* _PROVIDED RECORDS_:
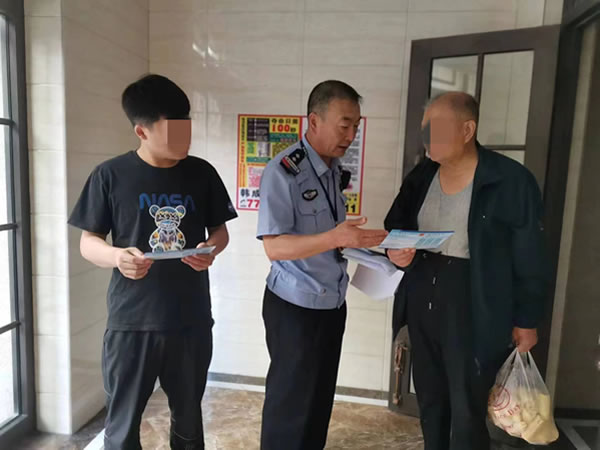 城鎮一中隊擔負著正陽大街及城區北的交通管理工作,同時還擔負著肇東第一中學、第八中學以及人民小學和三友小學上學放學時間段的交通維護工作。每天上放學時間,四個學校近900名教職員工、1萬多名學生,再加上近萬名學生家長,蜂擁而至、魚貫而出,不僅場面壯觀、浩浩蕩蕩,交通壓力和責任也是相當的大,容不得絲毫懈怠。每天早晨天剛放亮他就要起來,提前趕赴工作崗位;晚上一中每天都在21點30分放學,等他與護校民警們帶著疲憊的身體回到家中時也都在22點以后了。即使這樣,也沒有絲毫耽誤張曉偉下沉社區。按照市局的安排,下沉的民警可以在每周三、五的下午深入包扶的樓區走訪登記、組織開展市局部署的相關工作,但是張曉偉他們忙起來連周六、周天都得不到休息的,周三、周五就更加緊張了。在這種情況下他就采取了靈活機動的辦法,工作中一有閑暇時間就往包扶的樓區跑,就連三伏天午休時間都利用了起來。在父親家里簡單地吃上一口飯,拿起戶情登記簿就往外走。沒到10天,他就對萬福國際小區B13棟樓113戶住戶262人常住人口的情況摸得一清二楚。
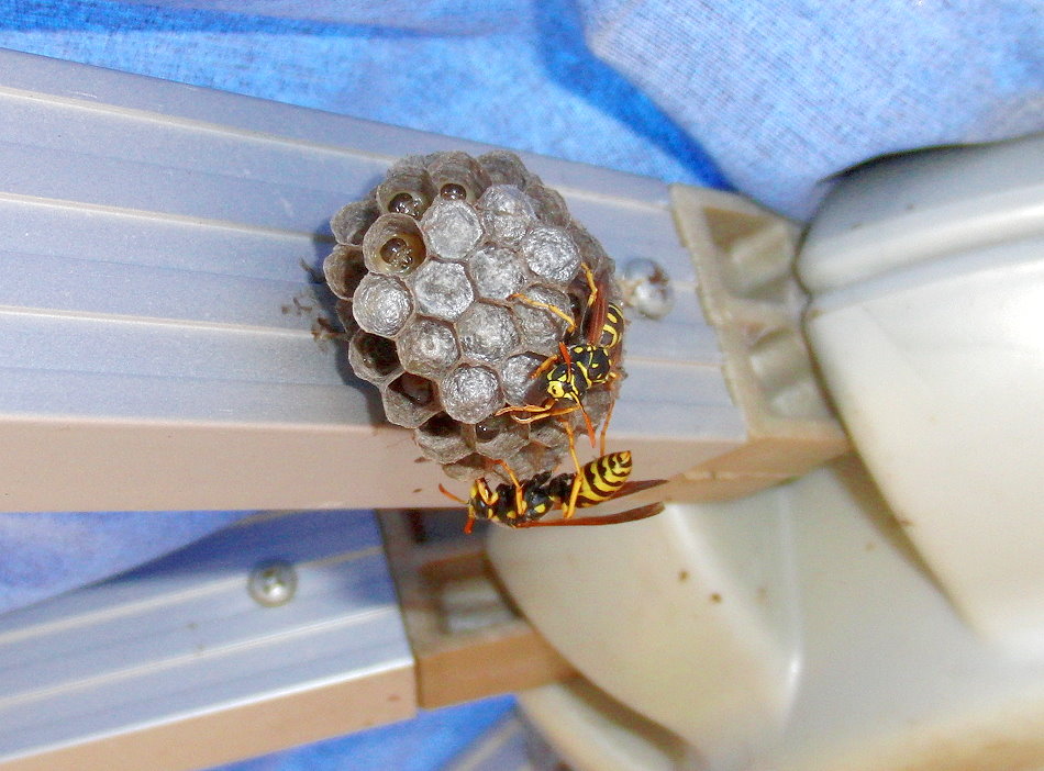 KITA haben zwei Königinnen der Haus-Feldwespe ihr kleines Nest gegründet.
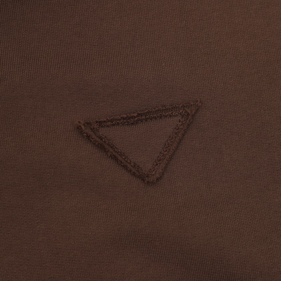 Half Zip Closure: The front features a half-zip closure, featuring a custom Prada zipper that provides smooth, secure movement and resists damage over time. The zipper pull features a hidden branding detail, and the metallic finish creates a subtle contrast with the fabric, enhancing the overall look. The half-zip design allows for versatile styling, creating a simple, sophisticated look when closed and a casual, relaxed feel when open. It can be adjusted to suit any occasion and style, breaking the monotony of a sweatshirt. IV. Signature Element: Fabric Triangle Logo, Understatedly Embossed Brand Identity
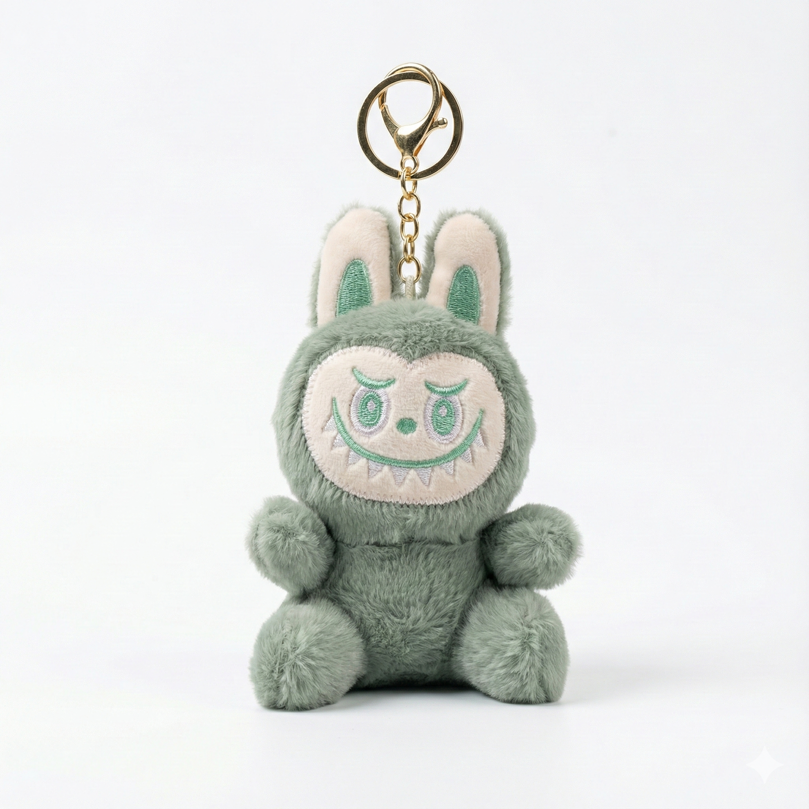 Labubu Monster Bunny Plush Keychain is a highly collectible accessory featuring the iconic “The Monsters” character. This plush version includes a soft, shaggy body paired with a detailed vinyl face. Known for its signature wide smile and sharp, pointed teeth, this keychain blends edgy “creepy-cute” aesthetics with high-quality craftsmanship. It comes with a durable gold-toned metal O-ring, making it perfect for attaching to backpacks, handbags, or keys.
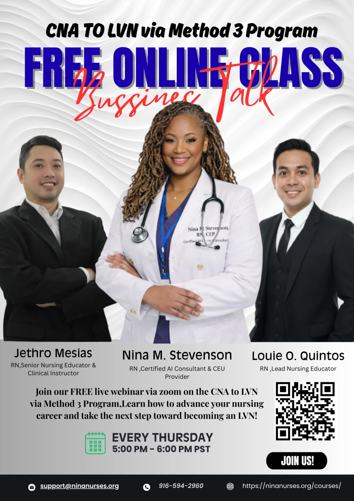 Join our FREE live webinar via zoom on the CNA to LVN via Method 3 Program. Learn how to advance your nursing career and take the next step toward becoming an LVN!

* _TASK_:
Restate every entry above word for word; no picture belongs in the copy.

* _RESULT OF THIS EXERCISE_:
 城鎮一中隊擔負著正陽大街及城區北的交通管理工作,同時還擔負著肇東第一中學、第八中學以及人民小學和三友小學上學放學時間段的交通維護工作。每天上放學時間,四個學校近900名教職員工、1萬多名學生,再加上近萬名學生家長,蜂擁而至、魚貫而出,不僅場面壯觀、浩浩蕩蕩,交通壓力和責任也是相當的大,容不得絲毫懈怠。每天早晨天剛放亮他就要起來,提前趕赴工作崗位;晚上一中每天都在21點30分放學,等他與護校民警們帶著疲憊的身體回到家中時也都在22點以后了。即使這樣,也沒有絲毫耽誤張曉偉下沉社區。按照市局的安排,下沉的民警可以在每周三、五的下午深入包扶的樓區走訪登記、組織開展市局部署的相關工作,但是張曉偉他們忙起來連周六、周天都得不到休息的,周三、周五就更加緊張了。在這種情況下他就采取了靈活機動的辦法,工作中一有閑暇時間就往包扶的樓區跑,就連三伏天午休時間都利用了起來。在父親家里簡單地吃上一口飯,拿起戶情登記簿就往外走。沒到10天,他就對萬福國際小區B13棟樓113戶住戶262人常住人口的情況摸得一清二楚。
 KITA haben zwei Königinnen der Haus-Feldwespe ihr kleines Nest gegründet.
 Half Zip Closure: The front features a half-zip closure, featuring a custom Prada zipper that provides smooth, secure movement and resists damage over time. The zipper pull features a hidden branding detail, and the metallic finish creates a subtle contrast with the fabric, enhancing the overall look. The half-zip design allows for versatile styling, creating a simple, sophisticated look when closed and a casual, relaxed feel when open. It can be adjusted to suit any occasion and style, breaking the monotony of a sweatshirt. IV. Signature Element: Fabric Triangle Logo, Understatedly Embossed Brand Identity
 Labubu Monster Bunny Plush Keychain is a highly collectible accessory featuring the iconic “The Monsters” character. This plush version includes a soft, shaggy body paired with a detailed vinyl face. Known for its signature wide smile and sharp, pointed teeth, this keychain blends edgy “creepy-cute” aesthetics with high-quality craftsmanship. It comes with a durable gold-toned metal O-ring, making it perfect for attaching to backpacks, handbags, or keys.
 Join our FREE live webinar via zoom on the CNA to LVN via Method 3 Program. Learn how to advance your nursing career and take the next step toward becoming an LVN!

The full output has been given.